Hunter si accorse del borsone ai piedi di Vince. Il biker lo raccolse ed entrò. Hunter si fece da parte per farlo passare.

«Non disturbarti, conosco la strada», fece Vince, e andò di sopra.

Hunter chiuse la porta e andò in cucina. Aprì lo sportello del frigo e trovò il deserto dei Tartari. Chiuse, raggiunse il lavandino, fece scorrere l'acqua e bevve. Non era champagne ma neanche distillato di merda. Diciamo una via di mezzo tra i due.

Sentì Vince muoversi al piano di sopra. Chissà che cazzo stava combinando. Dopo un po' lo sentì scendere e uscì in corridoio. Vince non aveva più il borsone con sé.

«Tutto sistemato», disse ad Hunter. «Vado a schiacciare un pisolino.»

Raggiunse la porta, la aprì e, mentre usciva, si fermò. Si voltò e disse ad Hunter: «Bowie ha deciso di promuovere Roy. In mattinata gli diamo la nuova divisa. Ti va di passare?»

«Okay», fece Hunter.

«Grandioso», disse Vince, e si congedò con un ghigno dei suoi, anche se un po' fiacco rispetto al solito.

Hunter lo udì scendere i gradini e, quando la Harley ruggì, gli tornò in mente il sogno che aveva fatto. Una strana euforia, figlia di quella provata la notte prima, mise il naso fuori dalla tana.

Tornò di sopra e, con il sogno che gli vorticava nel cervello come un uccello che ha perso l'orientamento, si mise a letto e si addormentò. Quando si svegliò, tre ore più tardi, lo stomaco brontolava. Decise di uscire, ma prima si cambiò i vestiti. Indossava ancora la maglia strappata del giorno prima. Fece anche una tappa al cesso per controllare la ferita. Aveva un aspetto di merda, ma non troppo. La bagnò con un po' di tintura di iodio e se la fasciò. Alla fine sembrava una mummia bendata – male – per un quarto. Indossò una maglia pulita e uscì.

Il cielo era di un azzurro che faceva male agli occhi, e il sole splendeva fulgido come l'anima di Dio.

Hunter serrò la porta, si ficcò la chiave in tasca e si incamminò lungo la Glover. Aveva una fame d'inferno e le tasche vuote come una tomba il giorno del Giudizio Universale. Doveva farsi venire in mente qualcosa. Lo sfiorò il pensiero di recarsi al Little Bitch, ma l'ultima cosa che voleva era mendicare un tozzo di pane. No, doveva cavarsela da solo. Come faceva il Piccolo Cacciatore.

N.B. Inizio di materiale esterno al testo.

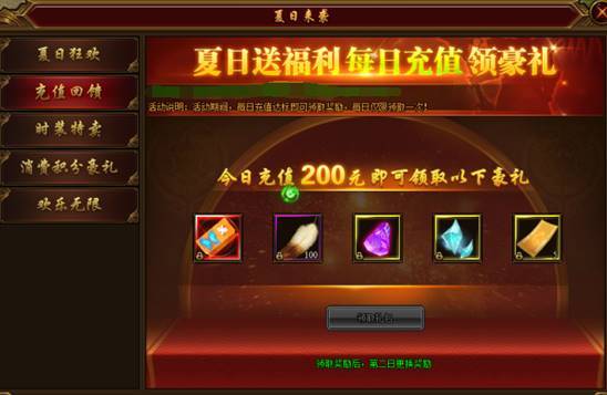 活动内容:活动期间,每日充值即可领取豪华奖励。

Svoltò su Main Street e si diresse verso lo spaccio di Pete Johnson. Non aveva voglia di rimettere il naso lì dentro, ma non c'era granché scelta. In quel buco di culo di città, lo spaccio di Johnson era come un'oasi in mezzo al deserto. Buttò un occhio al Torton's Antiquary e non vide in agguato il vecchio. Si decise allora a mettere il naso oltre la soglia dello spaccio. Pete era dietro la cassa, seduto a leggere il giornale. Ogni tanto alzava lo sguardo, dava un'occhiata in giro e lo riportava sulla carta.

Quando Hunter entrò, Pete sollevò la testa, lo vide, e una valanga di emozioni gli passò sul volto. Si irrigidì, abbassò lo sguardo e finse di leggere il giornale. Hunter lo degnò di un'occhiata veloce e sparì fra gli scaffali.